Question

A male Haemophiliac, marries a normal woman, and they have four normal children, two boys (Mark and Mike) and two girls (Molly and Mary). Mark, Mike, Molly, and Mary all marry normal individuals and have children. The children (male and female) of Mark's or Mike's children were normal but the sons of Molly and Mary all display symptoms of Haemophilia while their daughters do not.
Which of the following statements best explains the reason that Mark, Mike, Molly, and Mary do not display symptoms of Haemophilia, even though their father, John, is a Haemophiliac?

A. Haemophilia is an X-linked disorder, and John can pass on only his Y chromosome.
B. Haemophilia is an X-linked disorder and even though Molly and Mary received a Haemophiliac X chromosome from father, mother gave them a normal X chromosome.
C. Haemophilia is a Y-linked disorder and therefore cannot be displayed in females.
D. Haemophilia is a Y-linked disorder and Mark and Mike must have received an X chromosome from John.

Answer 1

Hint: The gene that causes haemophilia is passed from parent to child. A mother that carries the gene is known as a carrier, and she has a half chance of having a son with Haemophilia and a half (50%) chance of having a daughter who is also a carrier.

Complete Answer:
Haemophilia is a bleeding disorder that slows the blood clotting process.

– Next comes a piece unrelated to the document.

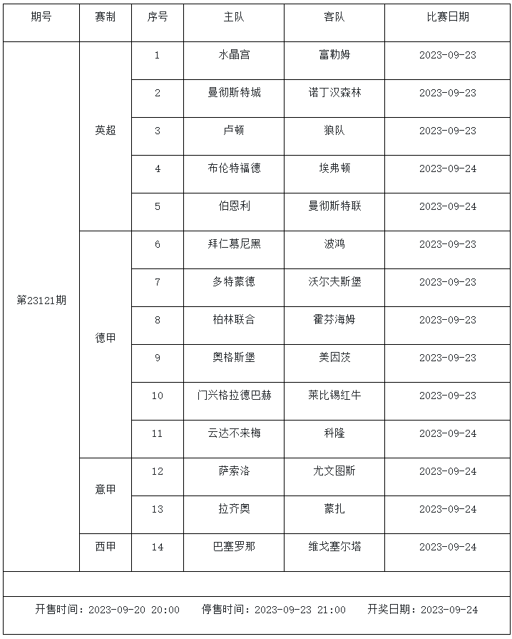 传统足彩第23121期的赛事主要由英超、德甲、意甲和西甲组成。五大联赛激战正酣,豪门球队都参加了周中的欧战,一周双赛对于球队体能有着不小的影响。其中曼城、曼联、拜仁和巴萨等豪门都入选了本期足彩,他们能否全取三分我们一起来分析。

Haemophilia A and haemophilia B are inherited in an X-linked recessive pattern. The genes involved with this phenomenon are present on the X chromosome that is one of the two sex chromosomes. In males which have only one X chromosome, one changed duplicate of the gene in every cell is enough to occur the phenomenon.

Now, let us find the solution from the option.
- Out of this family, the only members that express this condition are males. This is a tip-off for X-linked disorders, which are more usual in males, because they have only a single X chromosome.
- John’s genotype is XhY. He transferred his Y chromosome to Mark and Mike; they also got a normal X from Jane, so they do not have Haemophilia, nor can they transfer it on to their child. Molly and Mary got Xh from John but also got a normal X from Jane, so they are bearers of Haemophilia but do not show its symptoms.

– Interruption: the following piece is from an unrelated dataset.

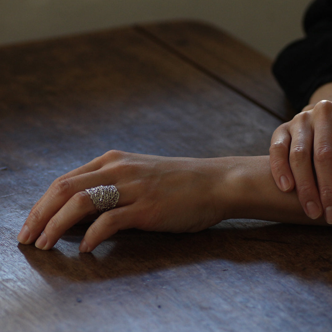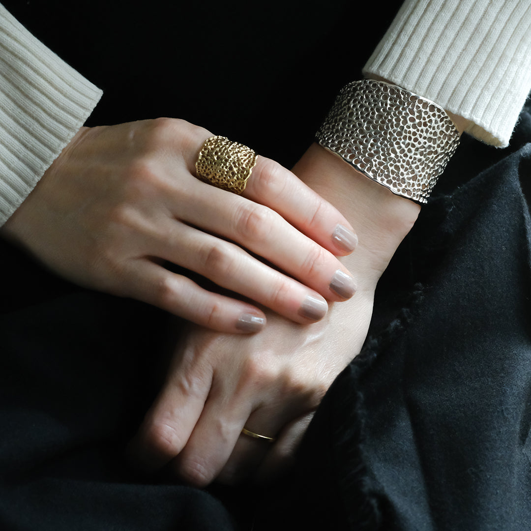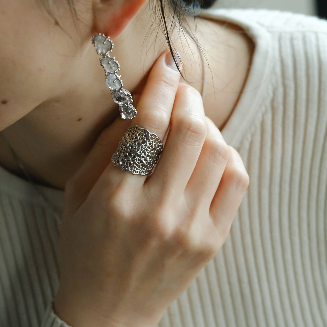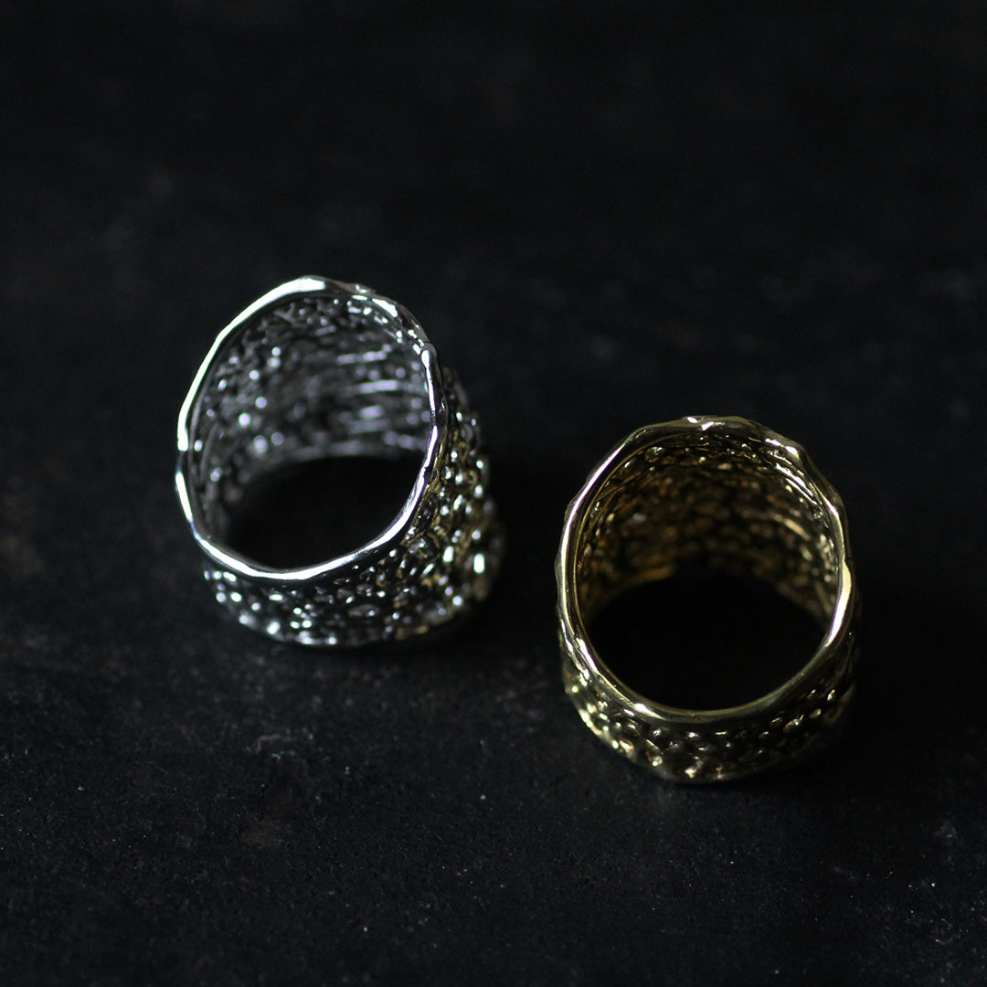 華やかで繊細。細かい模様で彩られた、レース作品を思わせる金属の指輪です。ご注文を受けてからひとつひとつおつくりします。

Thus, the correct option is B. i.e. Haemophilia is an X-linked disorder and even though Molly and Mary received a Haemophiliac X chromosome from father, mother gave them a normal X chromosome.

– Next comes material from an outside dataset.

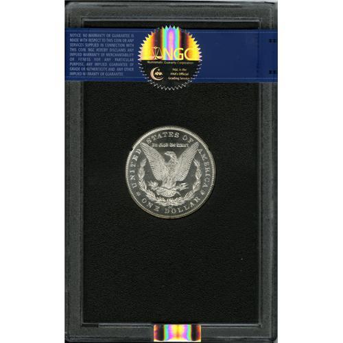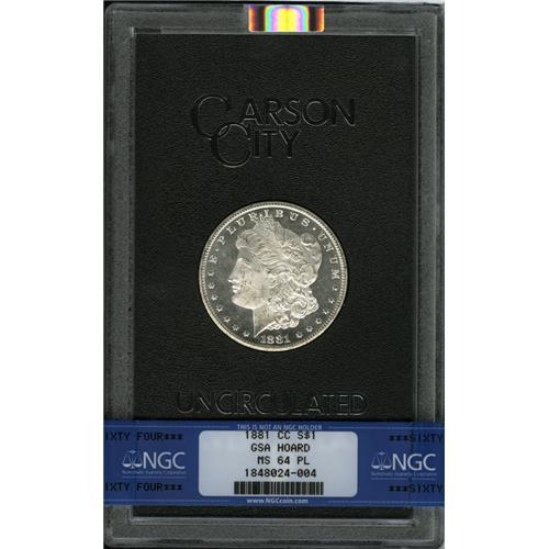 <B>1881-CC<img border='0' src='http://www.heritagecoins.com/images/star.gif' width=10 height=10>$1> MS64 Prooflike NGC.</B></I> Impressively mirrored fields approach a Deep Mirror designation. The devices are nicely frosted, and demonstrate pleasing contrast. This exactingly struck and carefully preserved piece exhibits imposing eye appeal. A used black GSA box accompanies the lot.
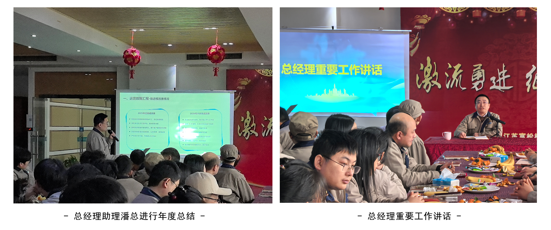 大會伊始,總經(jīng)理助理潘總對2025年公司工作成績與發(fā)展亮點(diǎn)進(jìn)行了總結(jié);對2025年度優(yōu)秀員工進(jìn)行了表彰;總經(jīng)理也就過去一年的總結(jié)發(fā)表了講話,肯定了2025年度全體員工的付出,也對2026年的工作進(jìn)行了部署、提出新期望。

Note: Haemophilia is usually an inherited bleeding disorder in which the blood does not clot properly. Blood consists of different types of proteins known as clotting factors that function as to prevent bleeding. Persons with haemophilia have low numbers of factor VIII or factor IX. The intensity of hemophilia that an individual has is recognized by the quantity of factors in the blood. The less the quantity of the factor, the more bleeding will occur which can cause severe health issues.